You are heading to the case study interview, you’re almost done with the recruiting process! Here are a few tips and tricks to maximize your chances to let your case study shine.
Sidenote: in this article, I will refer to both Content Designers and UX writers with 1 term only: Content Designers. Here is why this term is way better.
Here are 3 reasons why:
- You’ll have a whole interview to present it: your case study has to give a glitch of what you’re capable of. Share the main axes of your process of thought and showcase your strengths. You’ll have a whole interview to accompany your audience through it.
- It’s unpaid work: in the podcast “Believe in content design with Jonathon Colman @ HubSpot” by Writers in Tech, Jonathon Colman underlines that home assignments are discriminatory, because some people may not have the privilege to have some extra time off to consecrate to them.
- Once it’s sent, it’s in their hands: you don’t know how your shared insights may be used. For copyright reasons, put your name and surname in the title of the document and at the end of every slide — just in case.
It’s tempting to start to work straight away. But take your sweet time to study the brand, the product, and the competitors. Focus on the big picture: is there any other company already offering a similar service? What makes this company different or special?
Also, don’t forget the usual suspects. Airbnb, Spotify, Google, Uber, you name it. Reinventing the wheel is the last thing you need to do.
Example: Before working on the 404-page of the e-health platform Doctolib, I started by benchmarking existing 404-pages for similar products and a usual suspect (here, Airbnb).
Don’t just say “I would write X” or “I would replace X with Y”. As a Content designer, you need to test your copy on a screen: where will this copy be displayed? Is there going to be enough space? Do you want to challenge information architecture? Are you adding an illustration? Which law of User Experience are you applying? What happened before? What happens next? If you don’t do it in a case study, it means you don’t think you should do it in your day-to-day job.
I hear you coming: “But I’m not a Product Designer!”. You’re being interviewed for a Content Design role, so no one will expect from you amazing Figma/Sketch skills.

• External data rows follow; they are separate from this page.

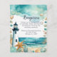 Belle carte de réception mariage avec un phare noir et blanc nautique, étoiles de mer et coquillages. Parfait pour un mariage. Les mots peuvent être changés en fonction de vos propres détails ou exigences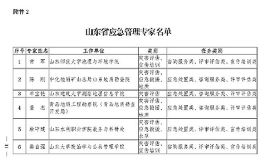 為充分發(fā)揮專家的決策咨詢和技術(shù)支撐作用,切實(shí)提高全省應(yīng)急管理的科技水平,提升綜合防災(zāi)減災(zāi)救災(zāi)能力,有效應(yīng)對(duì)安全生產(chǎn)類、自然災(zāi)害類突發(fā)事件,根據(jù)《山東省應(yīng)急管理專家管理辦法》(魯應(yīng)急發(fā)〔2021〕6號(hào))和《山東省應(yīng)急管理專家遴選實(shí)施辦法》(魯應(yīng)急辦發(fā)〔2021〕3號(hào)),省應(yīng)急廳組織開展了應(yīng)急管理專家遴選工作。經(jīng)申報(bào)、初審、審定和公示等遴選程序,決定聘閃淳昌等86名同志為山東省應(yīng)急管理咨詢專家(附件1)、常軍等1711名同志為山東省應(yīng)急管理專家(附件2)。現(xiàn)予以公布,聘期3年。聘期內(nèi)實(shí)施動(dòng)態(tài)管理,在聘情況以省應(yīng)急廳網(wǎng)站專家查詢系統(tǒng)顯示信息為準(zhǔn)。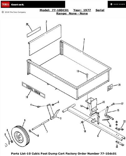 About This File Illustrated parts list from Toro Master Parts Viewer 1 page 110KB Trailer Dump 10 Cu Ft 1977 model 77-10DC01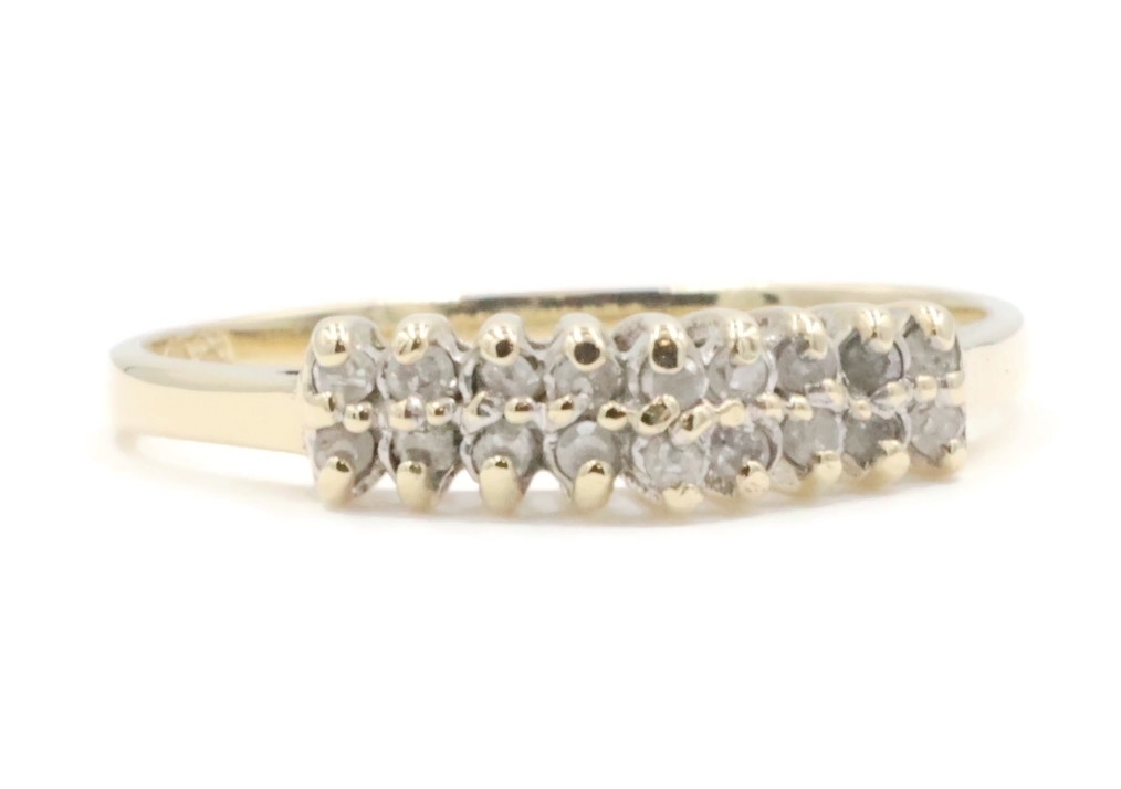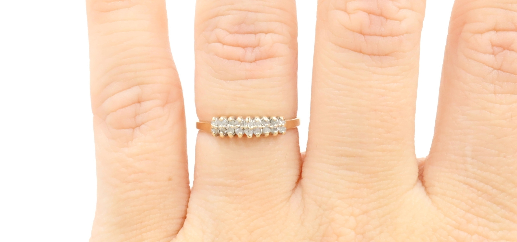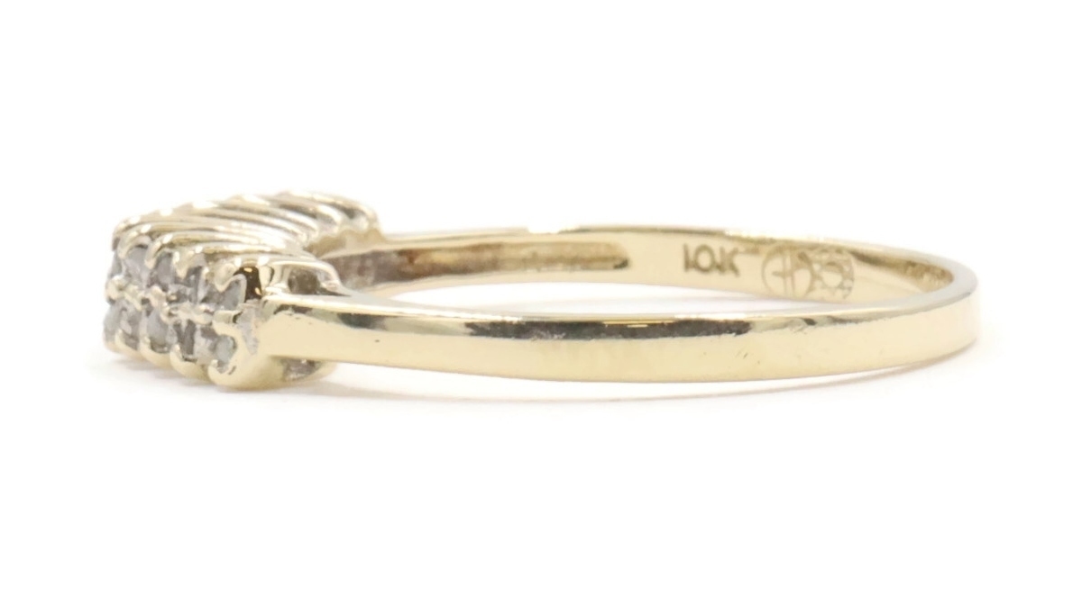 Estate 10KT Yellow Gold Two Row 0.18 ctw Round Diamond Women's Anniversary Ring | USA Pawn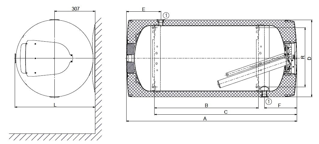 | Размеры, мм. | А | B | С | D | E | F | L | R |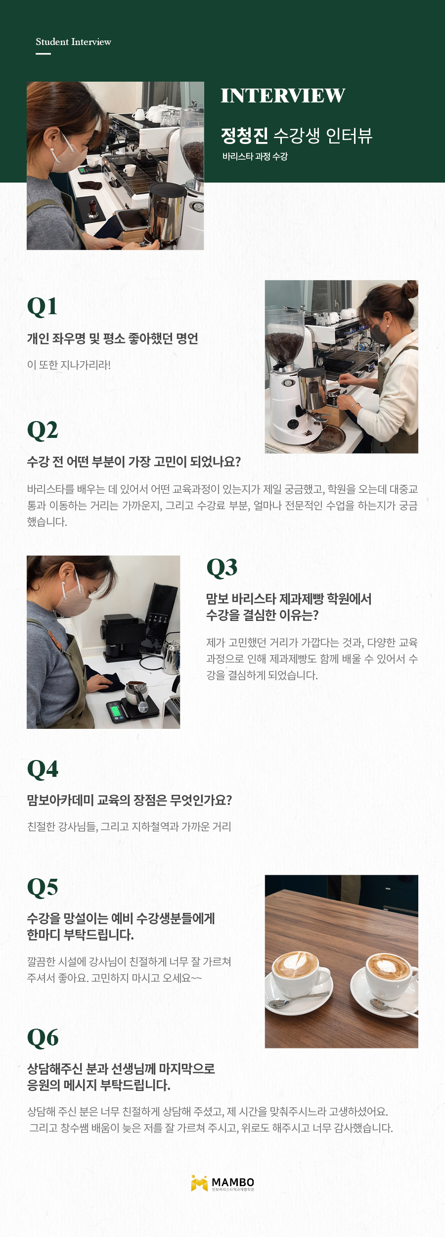 제1조 (개인정보 수집에 대한 동의)맘보교육그룹(이하 회사)는 이용자들이 회사의 개인정보취급방침 또는 이용약관의 내용에 대하여 “동의”버튼 또는 “취소”버튼을 클릭할 수 있는 절차를 마련하여, “동의”버튼을 클릭하면 개인정보 수집에 대해 동의한 것으로 봅니다. 제2조 (개인정보 수집항목) 온라인 문의를 통한 상담을 위해 처리하는 개인정보 항목은 아래와 같습니다. 수집항목 : 성명, 이메일, 전화번호 제3조 (개인정보의 이용목적) 회사는 이용자의 사전 동의 없이는 이용자의 개인 정보를 공개하지 않으며, 원활한 고객상담, 각종 서비스의 제공을 위해 아래와 같이 개인정보를 수집하고 있습니다. 모든 정보는 상기 목적에 필요한 용도 이외로는 사용되지 않으며 수집 정보의 범위나 사용 목적, 용도가 변경될 시에는 반드시 사전 동의를 구할 것입니다. - 성명 : 제품상담에 따른 본인 확인 - 이메일, 전화번호 : 제품상담 및 이벤트 관련 고지사항 전달, 새로운 서비스 및 신상품 정보 제공(DM, SMS, 이메일 등 이용) 이용자는 개인정보의 수집/이용에 대한 동의를 거부할 수 있습니다. 다만, 동의를 거부하는 경우 온라인 문의를 통한 상담은 불가하며 서비스 이용 및 혜택 제공에 제한을 받을 수 있습니다. 제4조 (개인정보의 보유 및 이용기간) 원칙적으로 개인정보 수집 및 이용목적이 달성된 후에는 해당 정보를 지체 없이 파기합니다. 그리고 상법, 전자상거래 등에서의 소비자보호에 관한 법률 등 관계법렵의 규정에 의하여 보존할 필요가 있는 경우 회사는 관계법령에서 정한 일정한 기간 동안 정보를 보관합니다. 이 경우 회사는 보관하는 정보를 그 보관의 목적으로만 이용하며 보존기간은 아래와 같습니다. - 계약 또는 청약철회 등에 관한 기록 : 5년(전자상거래등에서의 소비자보호에 관한 법률) - 소비자의 불만 또는 분쟁처리에 관한 기록 : 3년(전자상거래등에서의 소비자 보호에 관한 법률) - 시용정보의 수집/처리 및 이용 등에 관한 기록 : 3년(신용정보의 이용 및 보호에 관한 법률) - 회사는 귀중한 이용자의 개인정보를 안전하게 처리하며, 유출의 방지를 위하여 다음과 같은 방법을 통하여 개인정보를 파기합니다. - 종이에 출력된 개인정보는 분쇄기로 분쇄하거나 소각을 통하여 파기합니다. - 전자적 파일 형태로 저장된 개인정보는 기록을 재생할 수 없는 기술적 방법을 사용하여 삭제합니다.

But if you want to stand out from other candidates and let the interviewer see you’re a designer, you have to get your hand dirty.
Storytime: for my very first interview as a UX Writer, I worked on a screen directly on Canva. It was patched up, but at least I tried to let them see what I had in mind.
In the end, nobody cares about the final version of your screen. Even if you hit the jackpot with the most “perfect” (whatever it means) screen, it all means nothing without sharing the story behind it.
The interviewer wants to see how you went from a problem to a solution. Show all the possible pathways you considered, and why and how you decided to leave all but one aside. Even if it may seem counterproductive, show all the dead ends, your iterations, and your errors. In real life, it’s impossible to have it right the first time.
Bonus point: as you’re working with words, everyone has an opinion on your output. Be the one in charge and justify your choices with benchmarks, user tests, and design systems. Show that you didn’t randomly choose a word rather than another, but that you’re a designer — not a writer.
Remember: the interviewer is evaluating you as much as you should evaluate them. Did you like the preview of your next job?
Just after the interviews, take a moment to reassemble what they asked you and try to understand if you’re okay with their way of working. What did they ask you? How did they challenge you?
For example, if they just asked you to replace Lorem Ipsum and were not interested in the UX pain points you tackled and solved, then run. Fast.